Antidepressant combination has been suggested as a strategy to increase treatment efficacy. The objective of this study was to perform a systematic review and meta-analysis of studies that assessed the effect of antidepressant combination for major depression in patients with incomplete response to an initial antidepressant.

Methods

Studies were retrieved from PubMed (1966–February, 2012), Cochrane Library (–February, 2012), Embase (1980–February, 2012), PsycINFO (1980–February, 2012), Lilacs (1982–February, 2012), clinical trials registry, thesis database (www.capes.gov.br), and secondary references. Included studies had an open label phase in which an initial antidepressant was used for the treatment of major depression and a double blind phase for the incomplete responders that compared monotherapy with the first antidepressant versus the association of a second antidepressant to the first one.

Results

Out of the 4,884 studies retrieved, only five satisfied the inclusion criteria. The total number of patients included was 483. Only two small trials reported benefits of adding a second antidepressant to the initial antidepressant. Dropouts due to side effects were not reported in three studies. Meta-analysis was not performed due to the small number of studies, the inconsistency in the direction of effect and the possible instability of effect size. Only limited kinds of combination, involving mianserin, mirtazapine and desipramine were studied. Some properties of the first two drugs such as the anxiolytic, sedative, and orexigenic effects, can mimic depression improvement.

Limitations

Publication bias cannot be ruled out.
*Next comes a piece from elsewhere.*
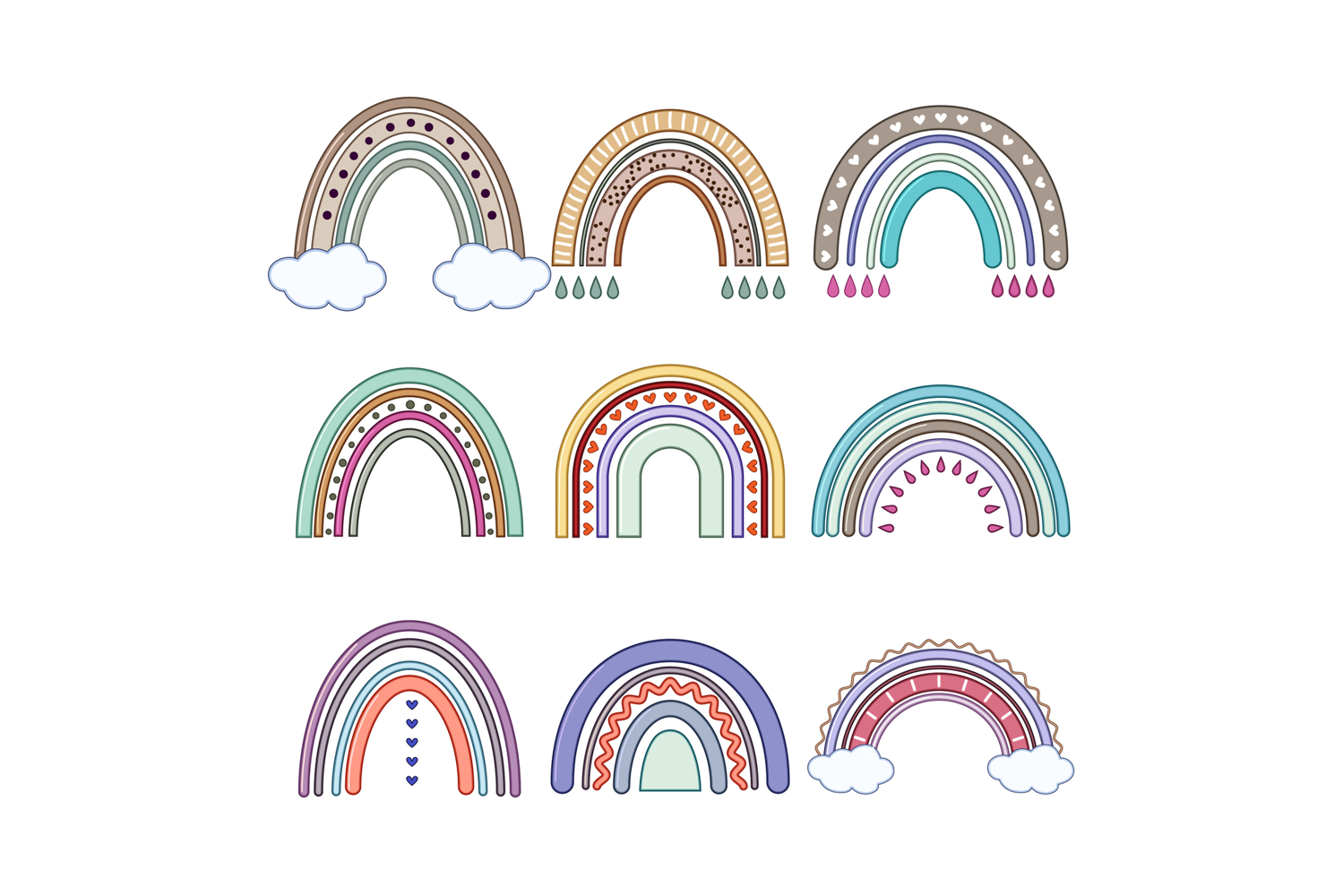 Cute set of nine pastel colored hand drawn rainbow illustrations with decorative clouds, hearts, and raindrops, perfect for nursery designs or children's themes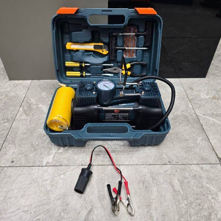 دارای: متعلقات کاربردی؛ شلنگ فنری به طول ۵ متر، دمباریک، کاتر، انبرک های پنچر گیری، پیچ گوشتی دوسو و چهارسو، وصله پنچرگیری، چسب پنچرگیری، تبدیل فندکی به سر باتری خودرو، سه عدد سری (جهت باد زدن توپ، دوچرخه، قایق بادی و ...)

Only one study included a monotherapy arm with the antidepressant used for augmentation of the first antidepressant.

Conclusions

The practice of using a combination of antidepressants for major depression in incomplete responders is not warranted by the literature.

Introduction

Antidepressants are a mainstay of the treatment of major depression. However the overall treatment outcome of depressed patients is usually far from optimal. Regardless of the initial choice of antidepressant, 30–50% of patients with a major depressive episode will not respond satisfactorily to adequate standard treatment (Bauer et al., 2007). Remission rates vary from 42% to 46% (Casacalenda and Perry, 2002, Smith and Dempster, 2002) and about 30% of patients may not reach remission after multiple treatment trials (Rush et al., 2006). A review of four meta-analyses of efficacy trials submitted to the US Food and Drug Administration (FDA) suggests that antidepressants are only marginally efficacious compared with placebo and documents a profound publication bias that inflates their apparent efficacy (Pigott et al., 2010).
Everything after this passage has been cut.